# starcraft resolution question



## twitzid_klow (May 11, 2002)

im tryin to play starcraft on my windows xp machine but the screen keeps jerking back and forth and i dont know how to change the resolution on this to fix it...........


----------



## McTimson (Aug 16, 2002)

You can't change the StarCraft resolution, it runs at 640x480. Have you tried any other games, or is it just StarCraft that has problems? I would try reinstalling SC, and maybe even your video card drivers.


----------



## RabbiPenguin (Mar 18, 2003)

I have 2 computers; one is a desktop i built myself, the other is an HP notebopk. on the desktop starcraft runs 1024x768, on the notebook it runs 640x480. ive tried everything but i cant change it. Your problems different though. have u tried reducing ur hardware acceleration?


----------



## twitzid_klow (May 11, 2002)

how you change the hardware acceleration?


----------



## RabbiPenguin (Mar 18, 2003)

im not sure how u do it for XP but in 98 ad ME u right clck on My Computer, go to properties, then go to the performance tab.

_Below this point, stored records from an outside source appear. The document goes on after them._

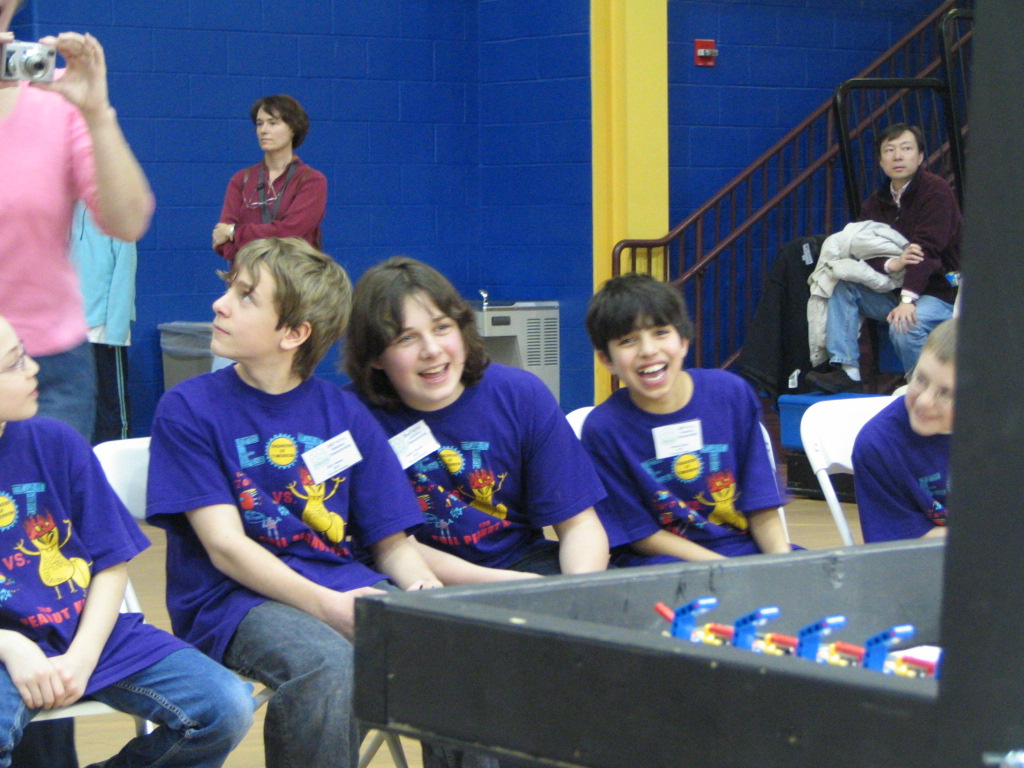 "The EOT is a FIRST LEGO LEAGUE team in Rhode Island. They won the state tournament here and will wear their customink.com shirts to Atlanta for the World Fest in April. This photo is several kids on the team having fun before round two of the tournament."
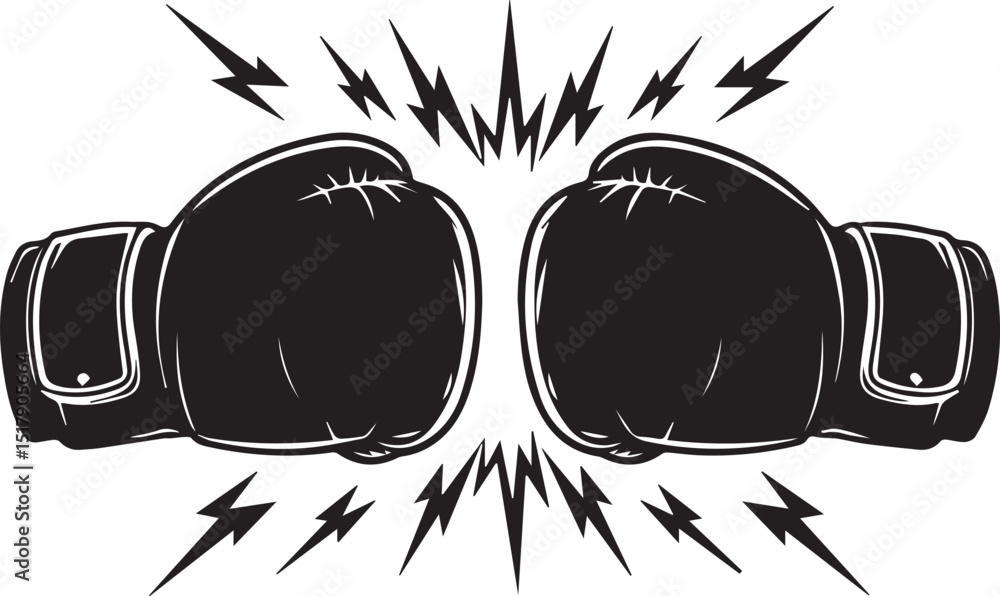 Tableau sur toile Boxing Gloves Clash Vector Illustration - Silhouette Clipart for Sports Graphics
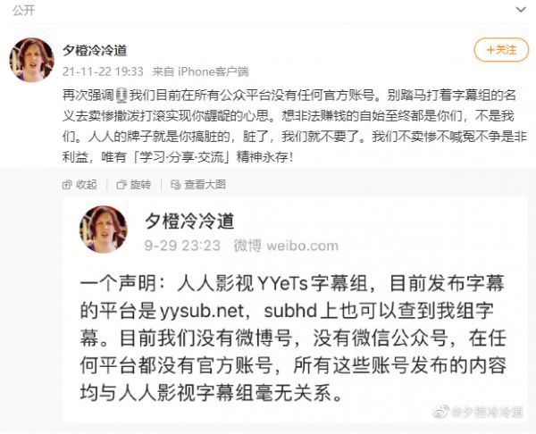 再加上2021年“人人影视”因涉嫌侵犯影视作品著作权被查处,14人被抓。被查处的人人影视,不只因侵犯版权,更关键的是利用盗版资源非法盈利,如收取会员费、广告费、售卖资源等。桩桩件件累积起来,更容易让站在局外的观众将字幕组和“盈利”关联起来。
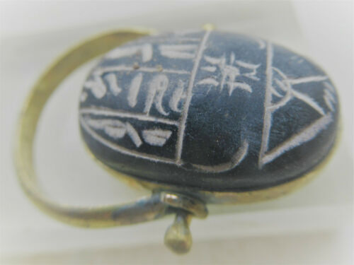 Title (ebay affiliate link): ANCIENT EGYPTIAN BASALT SCARAB BEAD SET IN A GOLD GILDED SWIVEL RING VERY NICE
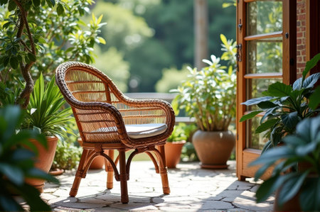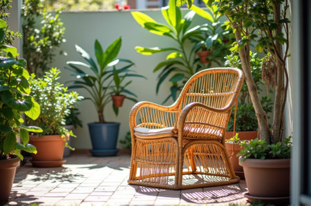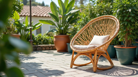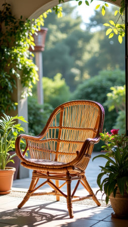 Sunlit rattan chair on a serene patio with lush greenery and potted plants. That the image is generated using AI.
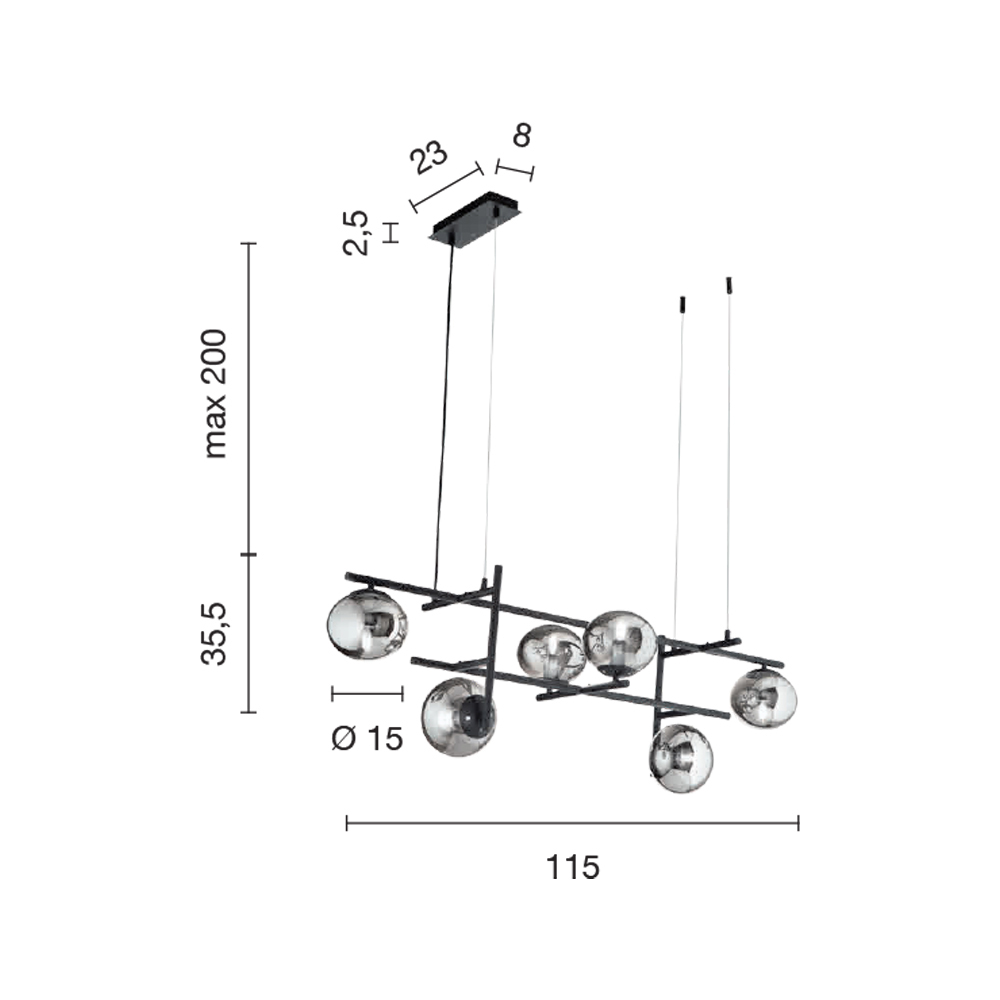 - base in the ceiling: length 8cm x depth 23cm x height 2.5cm
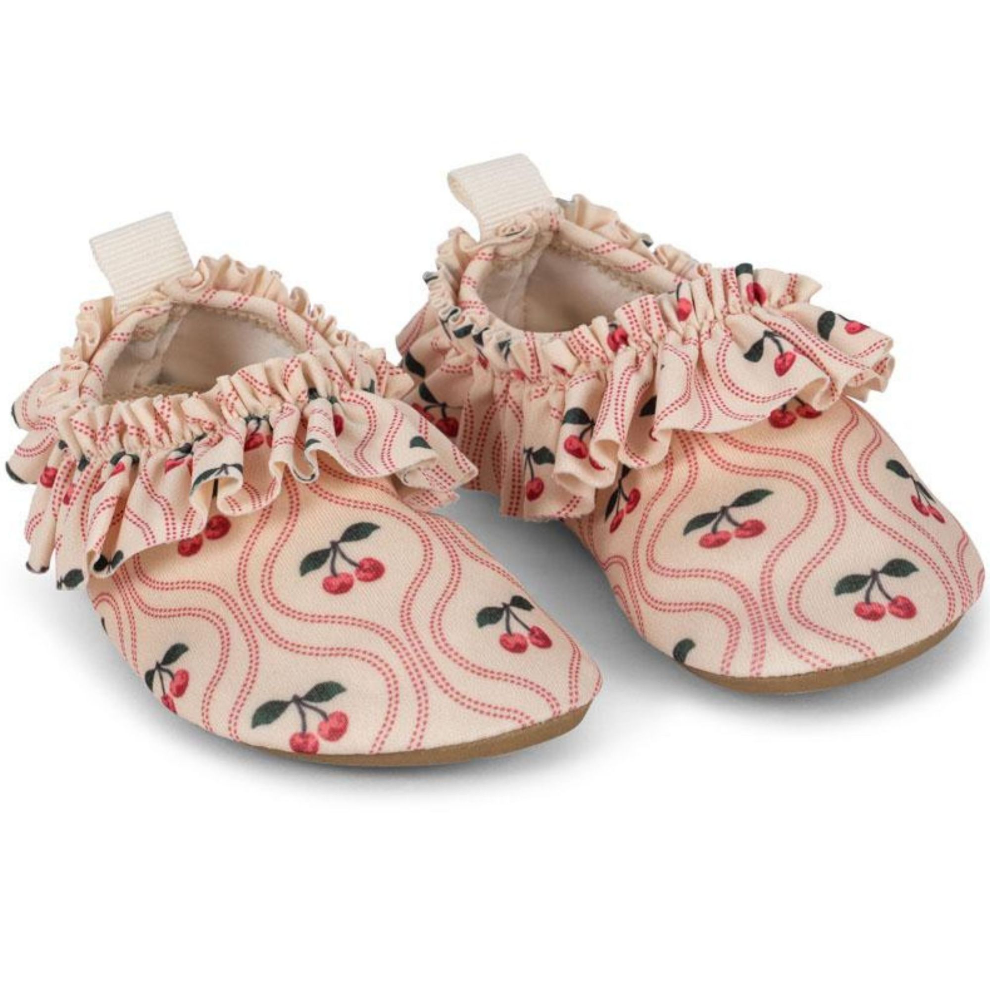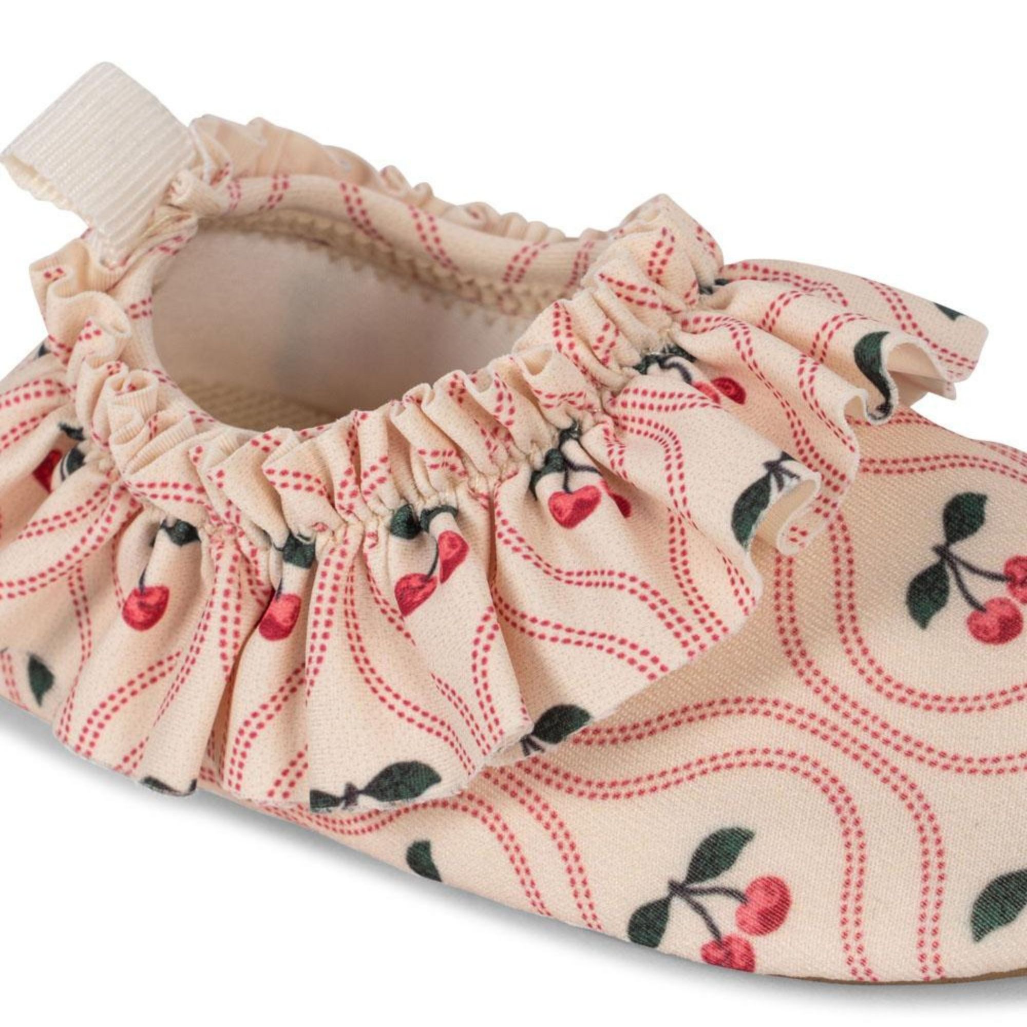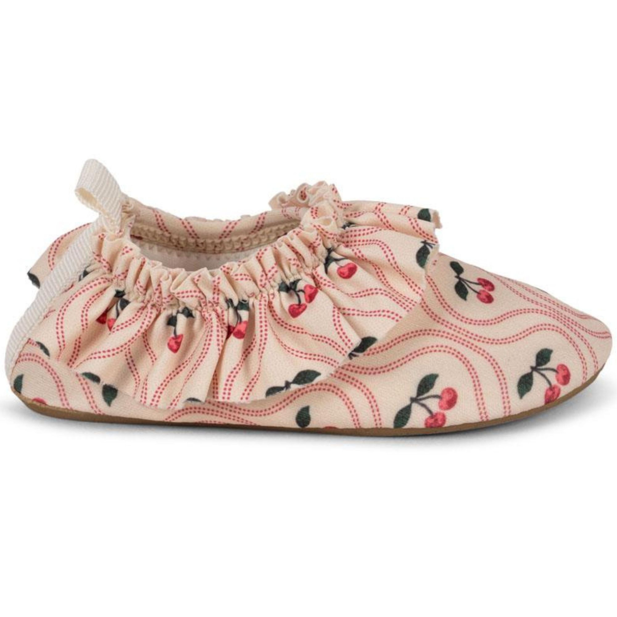 Adoptez les chaussures de bain enfant à volants Merle - Cherry motifs rose 32-33 cm de la marque Konges Slojd. Ces jolies chaussures d'eau seront idéales pour protéger les petits pieds de bébé du soleil et des cailloux dans l'eau ou sur la plage.
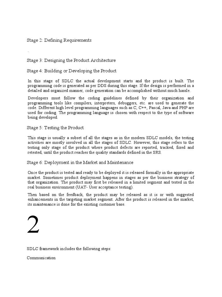 Stage 4: Stage 5: Testing the Product : This stage is usually a subset of all the stages as in the

Then click on the graphics button on the bottom. its probably the same if u have my computer on ur desktop, but i ont know much about XP. If you cant fnd it try searching for it in windows help.


----------



## bagdadas2 (Apr 4, 2007)

is the DxWnd program helps ?
i have it but it don't working and i don't know nothing about resolution changing. can you help
me?


----------